━━━ RECORDS SHOWN ━━━

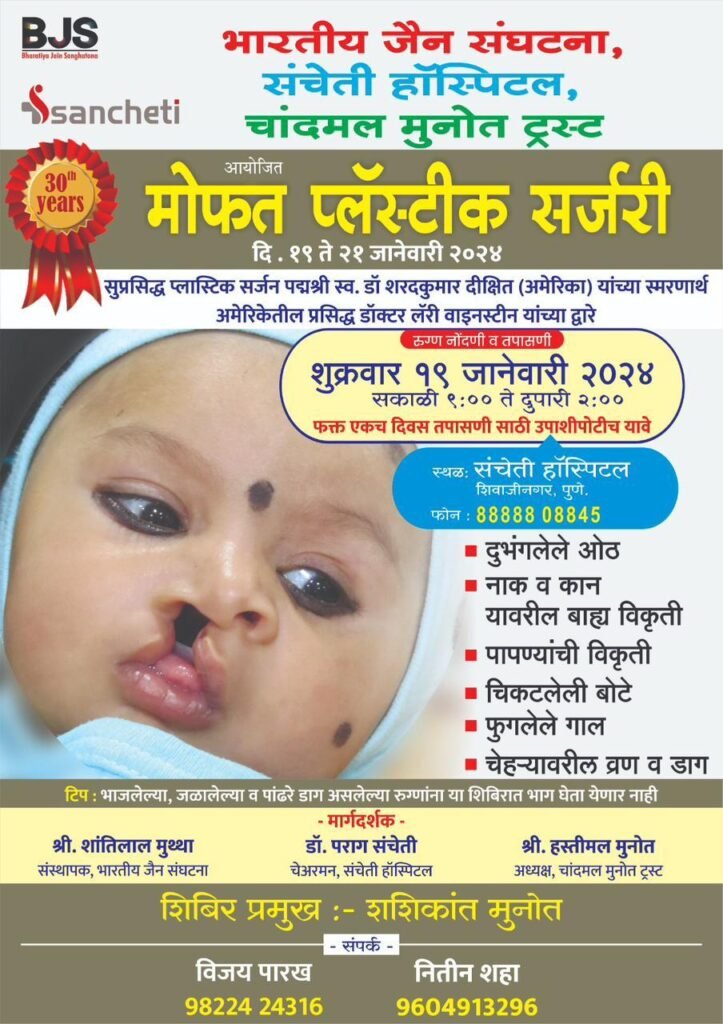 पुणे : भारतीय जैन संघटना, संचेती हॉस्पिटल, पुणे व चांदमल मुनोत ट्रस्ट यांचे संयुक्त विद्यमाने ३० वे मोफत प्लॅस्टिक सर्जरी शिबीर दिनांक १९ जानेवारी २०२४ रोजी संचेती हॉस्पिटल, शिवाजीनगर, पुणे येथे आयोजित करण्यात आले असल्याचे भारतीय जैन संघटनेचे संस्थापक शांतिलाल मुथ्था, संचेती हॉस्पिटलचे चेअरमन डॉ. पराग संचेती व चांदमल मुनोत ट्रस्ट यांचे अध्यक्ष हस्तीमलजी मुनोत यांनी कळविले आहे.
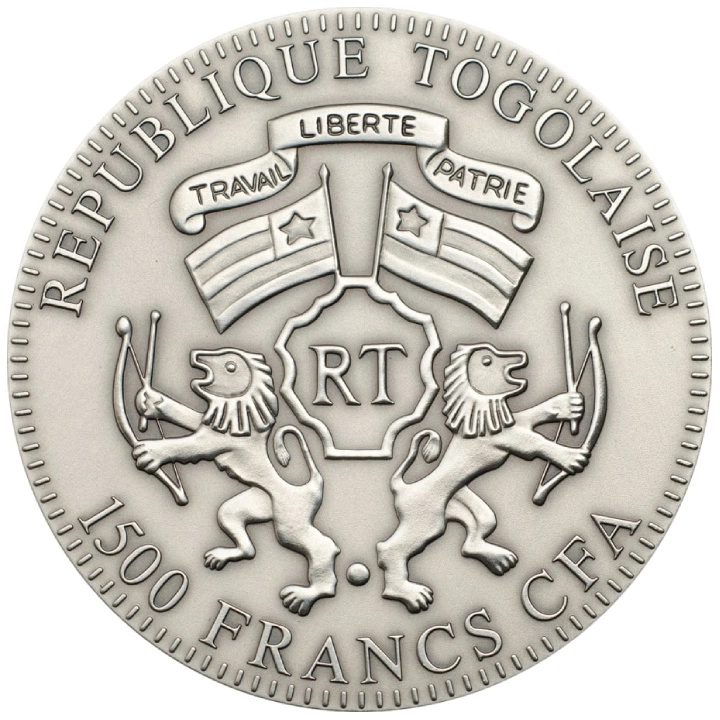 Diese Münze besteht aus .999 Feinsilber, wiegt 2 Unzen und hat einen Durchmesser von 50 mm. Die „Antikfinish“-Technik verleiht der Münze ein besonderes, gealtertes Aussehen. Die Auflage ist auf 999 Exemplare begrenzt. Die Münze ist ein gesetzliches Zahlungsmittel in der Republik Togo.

━━━
━━━ RECORDS SHOWN ━━━

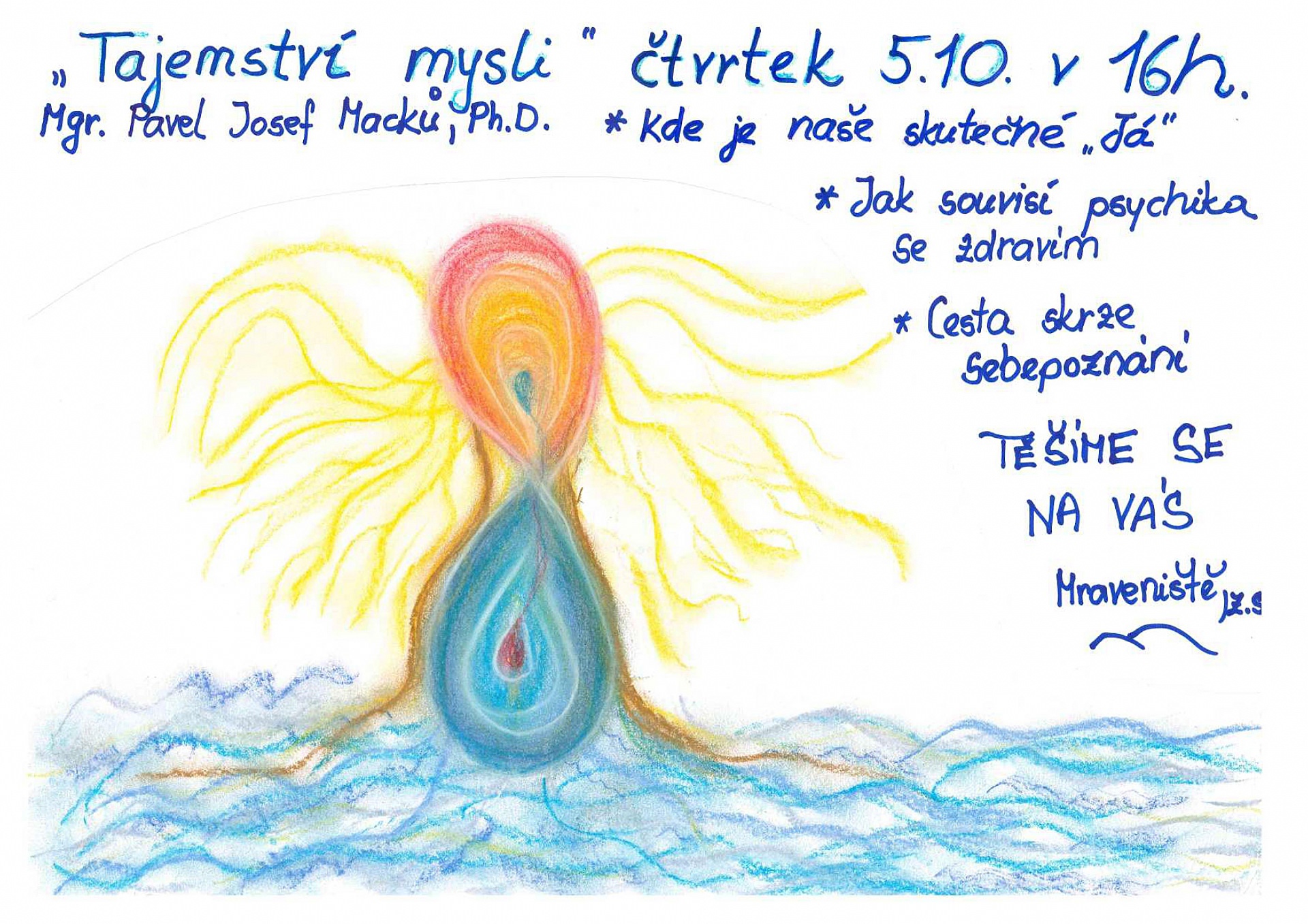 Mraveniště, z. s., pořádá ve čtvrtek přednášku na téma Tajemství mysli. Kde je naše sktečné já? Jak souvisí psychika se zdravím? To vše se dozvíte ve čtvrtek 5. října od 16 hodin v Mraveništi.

━━━

TASK STATEMENT: Only one stretch of the entries above is needed: the lines from the one containing "पुणे : भारतीय" through the one containing "Diese Münze besteht". Copy it exactly, without the pictures.

SOLUTION TO THIS PROBLEM:
 पुणे : भारतीय जैन संघटना, संचेती हॉस्पिटल, पुणे व चांदमल मुनोत ट्रस्ट यांचे संयुक्त विद्यमाने ३० वे मोफत प्लॅस्टिक सर्जरी शिबीर दिनांक १९ जानेवारी २०२४ रोजी संचेती हॉस्पिटल, शिवाजीनगर, पुणे येथे आयोजित करण्यात आले असल्याचे भारतीय जैन संघटनेचे संस्थापक शांतिलाल मुथ्था, संचेती हॉस्पिटलचे चेअरमन डॉ. पराग संचेती व चांदमल मुनोत ट्रस्ट यांचे अध्यक्ष हस्तीमलजी मुनोत यांनी कळविले आहे.
 Diese Münze besteht aus .999 Feinsilber, wiegt 2 Unzen und hat einen Durchmesser von 50 mm. Die „Antikfinish“-Technik verleiht der Münze ein besonderes, gealtertes Aussehen. Die Auflage ist auf 999 Exemplare begrenzt. Die Münze ist ein gesetzliches Zahlungsmittel in der Republik Togo.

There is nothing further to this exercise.